EXERCISE PROMPT: Start with the line that holds "(Case of 200)". Please copy it and each remaining line below exactly, leaving pictures out.

INFORMATION SHOWN:
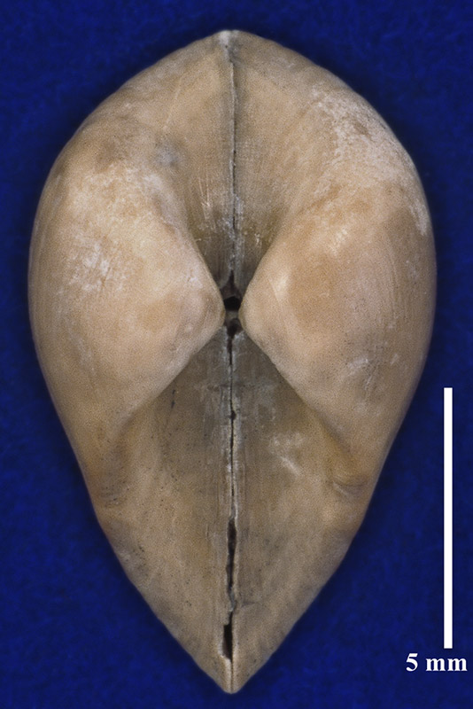 Размеры. Длина створки около 12, 8 мм; высота - около 8,3 мм; толщина - около 7,8 мм. Длина масштабного отрезка равна 5 мм.
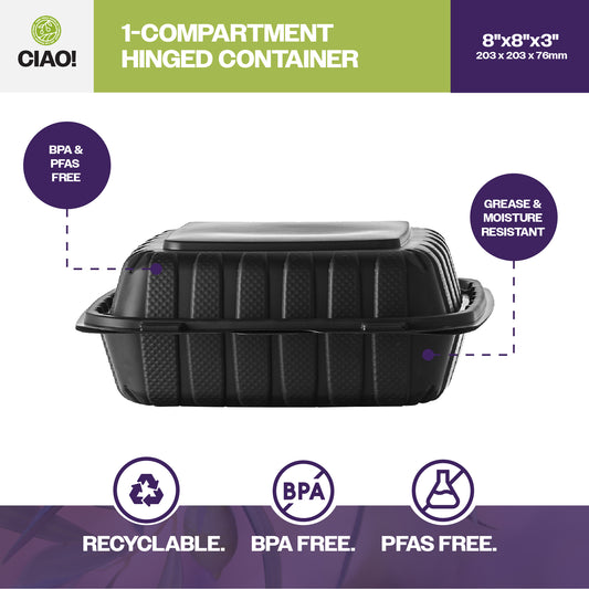 CIAO! 8"x8"X3" MFPP Black Hinged Container With Lid 1 Compartment (Case of 200)
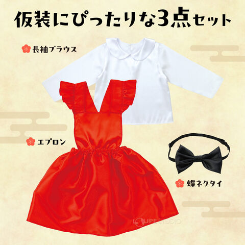 | セット内容 | ブラウス(ソフトサテン長袖ブラウス C)×1、スカート(ソフトサテンサロペットスカート C)×1、蝶ネクタイ(ソフトサテン蝶ネクタイ)×1 |

EXERCISE RESPONSE:
 CIAO! 8"x8"X3" MFPP Black Hinged Container With Lid 1 Compartment (Case of 200)
 | セット内容 | ブラウス(ソフトサテン長袖ブラウス C)×1、スカート(ソフトサテンサロペットスカート C)×1、蝶ネクタイ(ソフトサテン蝶ネクタイ)×1 |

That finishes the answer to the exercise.